You have a control system that can set each silo to any state, but each configuration change has a cost. Additionally, due to structural concerns about resonance, **no two adjacent silos may end in the same state**.
Given:
- The number of silos N
- A target state pattern (for reference)
- The cost matrix where `cost[i][j]` represents the cost to set silo `i` to state `j`
Find the **minimum total cost** to configure all silos such that no two adjacent silos have the same final state.
## Input Format
The first line contains a single integer **N** (1 ≤ N ≤ 1000), the number of silos.
The second line contains N space-separated integers representing the target state pattern (for reference only; you must find the minimum cost valid configuration, which may not match the target exactly).
The next N lines contain three space-separated integers each:
- Line i+2 contains `c0 c1 c2`, where `cj` is the cost to set silo `i` to state `j`.
All costs are non-negative integers ≤ 10^6.
## Output Format
Output a single integer: the minimum cost to configure all silos such that no two adjacent silos have the same final state.
## Constraints
- 1 ≤ N ≤ 1000
- 0 ≤ each cost ≤ 10^6
- All silos must be assigned a state from {0, 1, 2}
- For all adjacent pairs (i, i+1), the final states must differ
## Sample Input
```
3
1 2 0
3 0 2
2 1 5
0 2 1
```
## Sample Output
```
3
```
## Sample Explanation
With 3 silos and costs:
- Silo 0: costs [3, 0, 2] to set to states [0, 1, 2]

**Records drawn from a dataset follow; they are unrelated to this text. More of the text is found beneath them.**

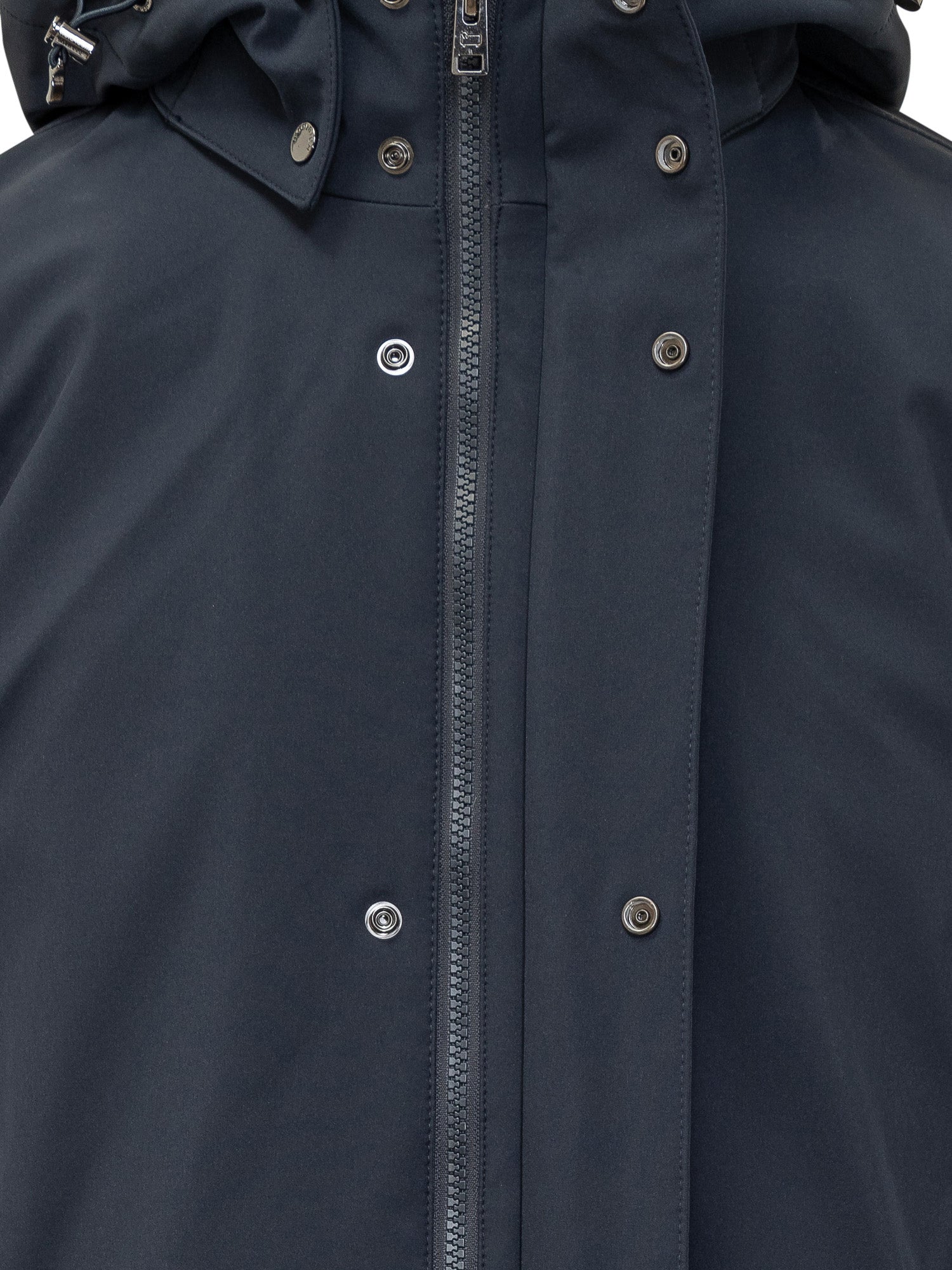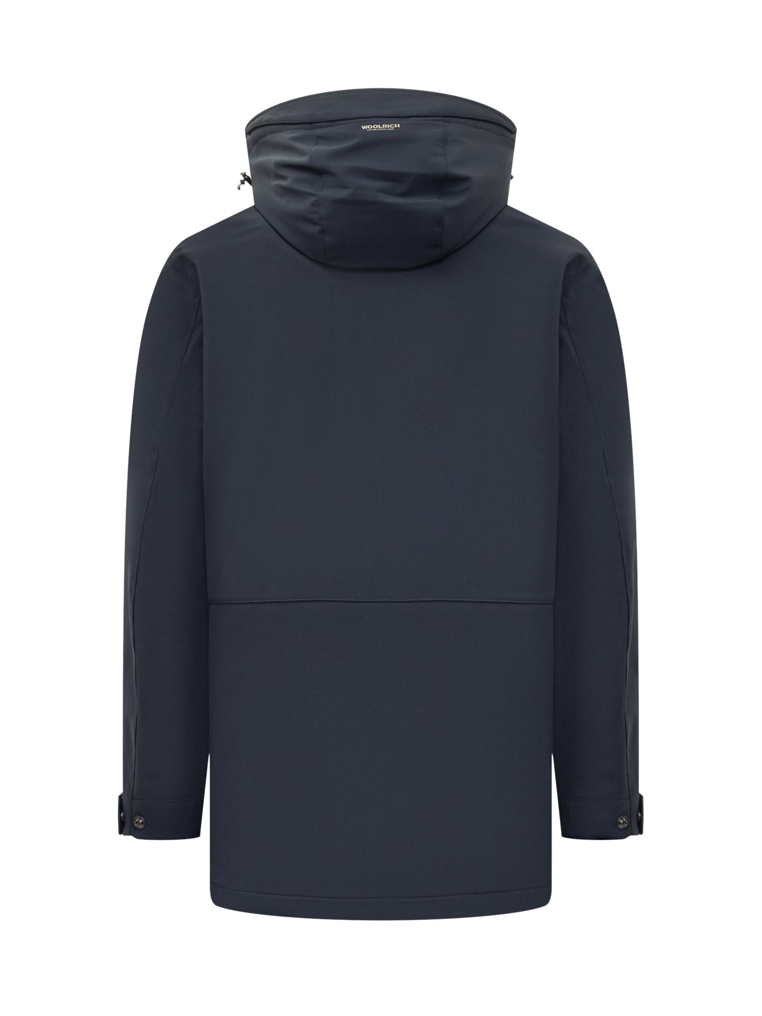 Woolrich blue soft shell coat with adjustable hood, zip and snap button closure. Waterproof technical fabric and modern silhouette for a sleek.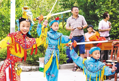 江蘇省海安市經(jīng)濟技術(shù)開發(fā)區(qū)戲曲小票友在社區(qū)為居民表演京劇,豐富假日生活。 李曉亮攝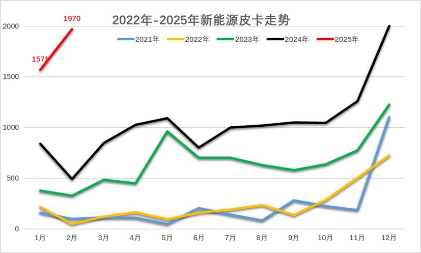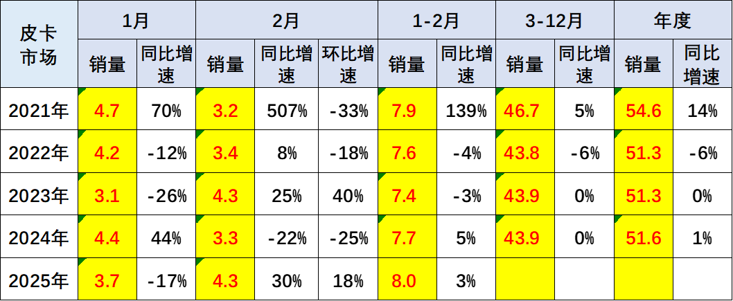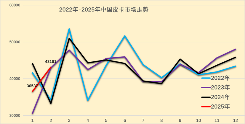 2025年2月份皮卡市场销售4.3万辆,同比增长30%,环比增长18%,处于近5年的高位水平。2025年1-2月份皮卡市场销售8万辆,同比增长3%。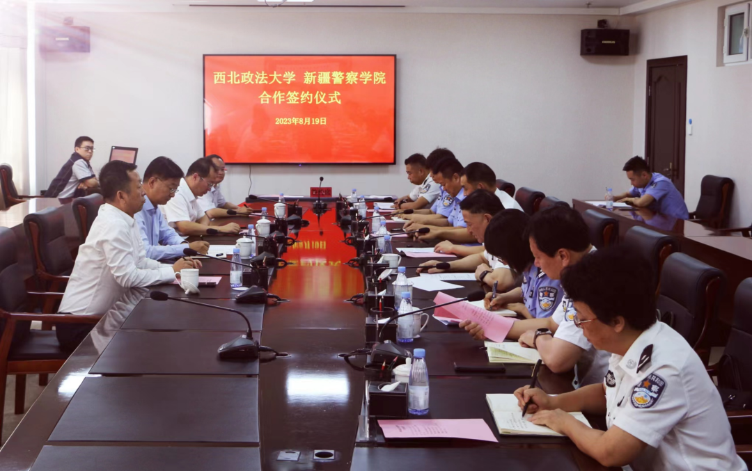 在新疆警察学院,范九利一行与党委副书记、院长宋国庆,党委委员、副院长巢锡辉等相关领导和部门负责人,围绕人才培养、项目合作、课题研究、学术共建、资源共享等进行了热烈交流。范九利表示,两校合作协议的签署,将进一步推动两校在学科专业建设、教师队伍建设和科学研究水平等方面开展全方位、立体化、多层次交流合作,促进双方教育教学高质量发展,是落实第三次中央新疆工作会议精神和党中央关于教育和公安工作部署要求的务实举措。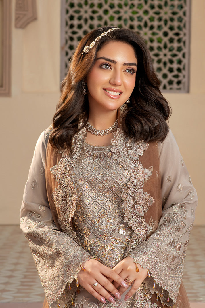 Embroidered net dupatta.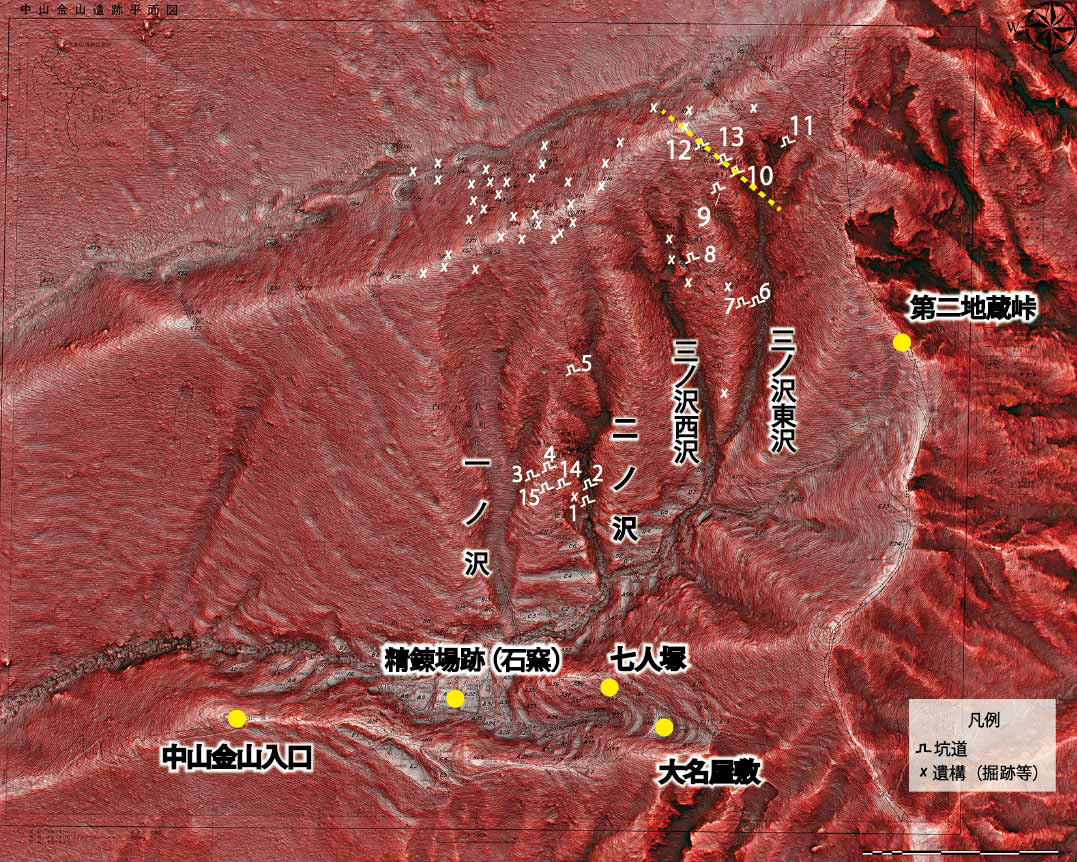 日本における金山開発は長い歴史を持つものの、明治時代に近代地質学と呼ばれる学問系統が西洋から日本に導入されるより前の鉱山開発技術に関する実像は詳細にはわかっていません。中山金山には戦国時代以外にも江戸時代天明年間に開発された坑道(坑道番号:9,10,11,12,13)が存在し、記録上は天明8年(1788年)に、大規模に金山開発をしてこれらの坑道を掘ったものの、金が出なかったとされています。

- Silo 1: costs [2, 1, 5] to set to states [0, 1, 2]
- Silo 2: costs [0, 2, 1] to set to states [0, 1, 2]
One optimal configuration is [2, 1, 0] (no adjacent silos are the same):
- Set silo 0 to state 2: cost 2
- Set silo 1 to state 1: cost 1 (state 1 ≠ 2, satisfies adjacency)
- Set silo 2 to state 0: cost 0 (state 0 ≠ 1, satisfies adjacency)
- **Total cost: 2 + 1 + 0 = 3**
Another optimal configuration is [1, 0, 2]:
- Set silo 0 to state 1: cost 0
- Set silo 1 to state 0: cost 2 (state 0 ≠ 1, satisfies adjacency)
- Set silo 2 to state 2: cost 1 (state 2 ≠ 0, satisfies adjacency)
- **Total cost: 0 + 2 + 1 = 3**
Both achieve the minimum possible cost while respecting the adjacency constraint.